* _Input data_:
=== Begin Enclosure ===
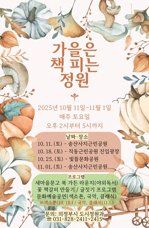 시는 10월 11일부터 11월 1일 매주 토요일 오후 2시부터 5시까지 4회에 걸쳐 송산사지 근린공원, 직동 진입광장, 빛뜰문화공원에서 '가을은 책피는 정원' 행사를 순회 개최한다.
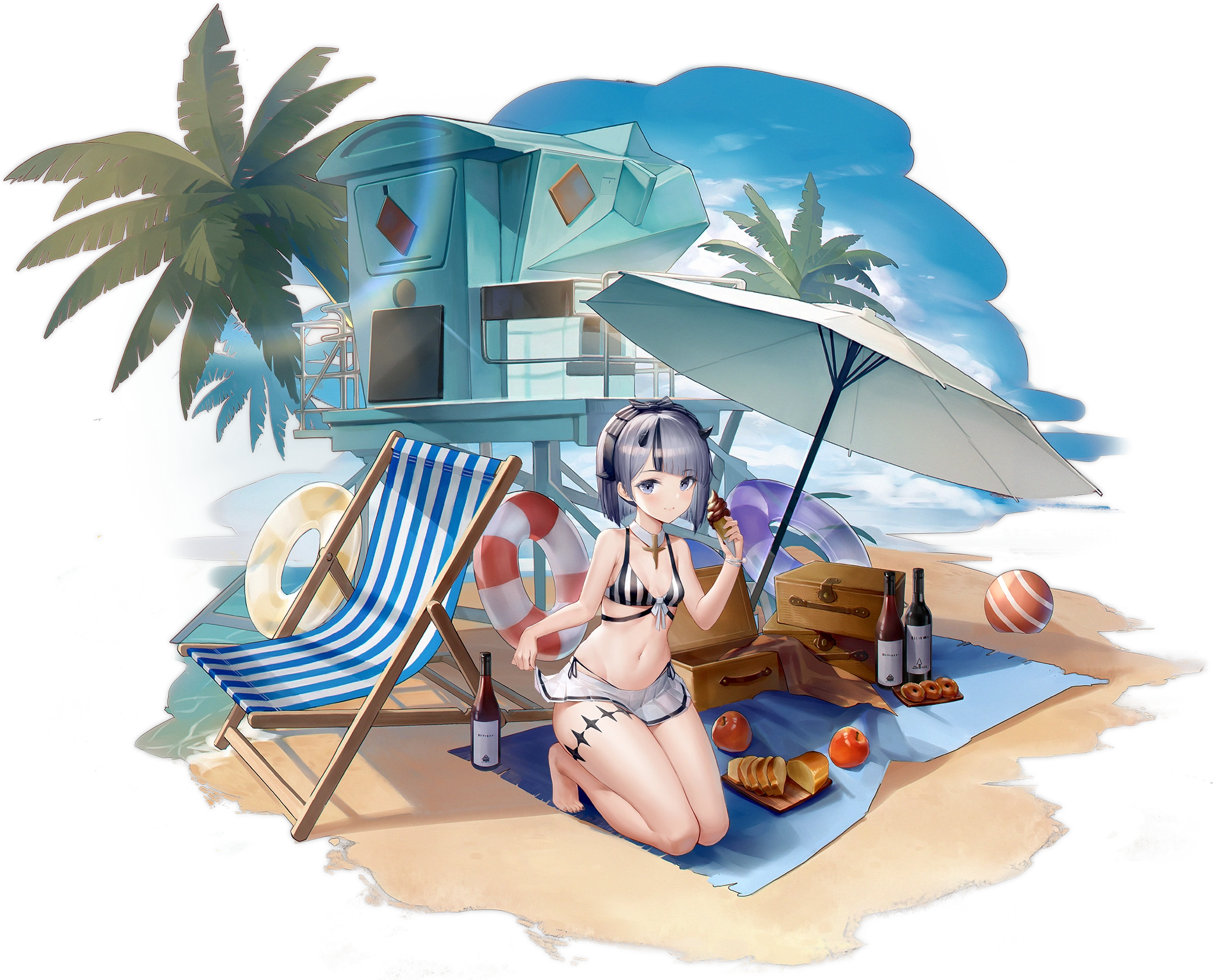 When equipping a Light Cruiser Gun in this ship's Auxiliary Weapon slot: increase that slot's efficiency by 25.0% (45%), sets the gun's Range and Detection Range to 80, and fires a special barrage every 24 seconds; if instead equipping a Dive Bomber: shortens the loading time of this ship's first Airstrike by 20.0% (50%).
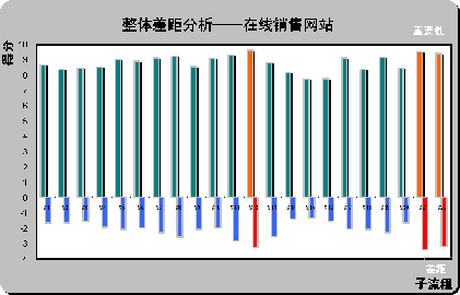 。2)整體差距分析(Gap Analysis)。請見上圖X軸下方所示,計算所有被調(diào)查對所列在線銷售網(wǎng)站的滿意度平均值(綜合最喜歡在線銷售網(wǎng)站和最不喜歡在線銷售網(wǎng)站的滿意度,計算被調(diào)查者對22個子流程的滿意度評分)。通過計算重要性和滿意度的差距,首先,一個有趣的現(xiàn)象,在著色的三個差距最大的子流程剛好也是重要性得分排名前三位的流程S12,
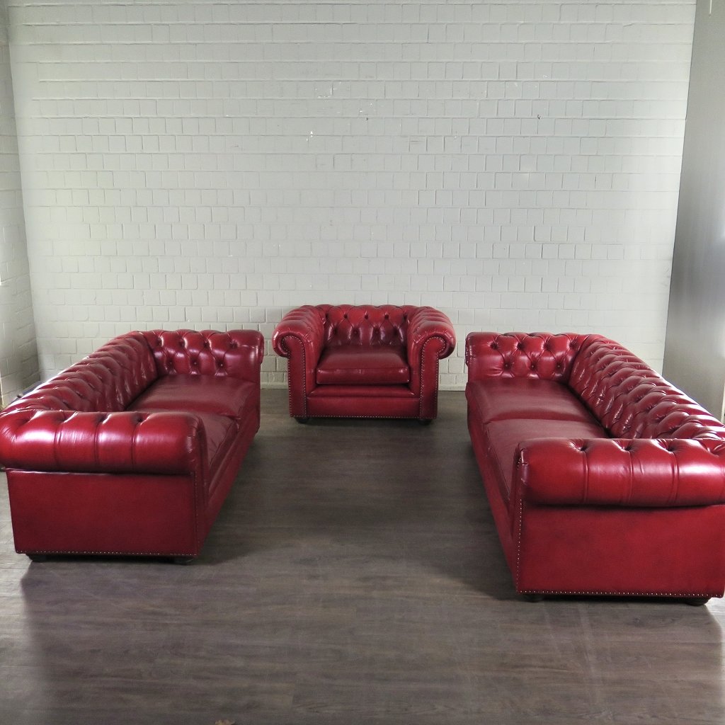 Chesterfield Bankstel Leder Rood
=== End Enclosure ===
* _What to work on_: Copy the entire listing exactly but skip the pictures.

* _Answer for the task_:
 시는 10월 11일부터 11월 1일 매주 토요일 오후 2시부터 5시까지 4회에 걸쳐 송산사지 근린공원, 직동 진입광장, 빛뜰문화공원에서 '가을은 책피는 정원' 행사를 순회 개최한다.
 When equipping a Light Cruiser Gun in this ship's Auxiliary Weapon slot: increase that slot's efficiency by 25.0% (45%), sets the gun's Range and Detection Range to 80, and fires a special barrage every 24 seconds; if instead equipping a Dive Bomber: shortens the loading time of this ship's first Airstrike by 20.0% (50%).
 。2)整體差距分析(Gap Analysis)。請見上圖X軸下方所示,計算所有被調(diào)查對所列在線銷售網(wǎng)站的滿意度平均值(綜合最喜歡在線銷售網(wǎng)站和最不喜歡在線銷售網(wǎng)站的滿意度,計算被調(diào)查者對22個子流程的滿意度評分)。通過計算重要性和滿意度的差距,首先,一個有趣的現(xiàn)象,在著色的三個差距最大的子流程剛好也是重要性得分排名前三位的流程S12,
 Chesterfield Bankstel Leder Rood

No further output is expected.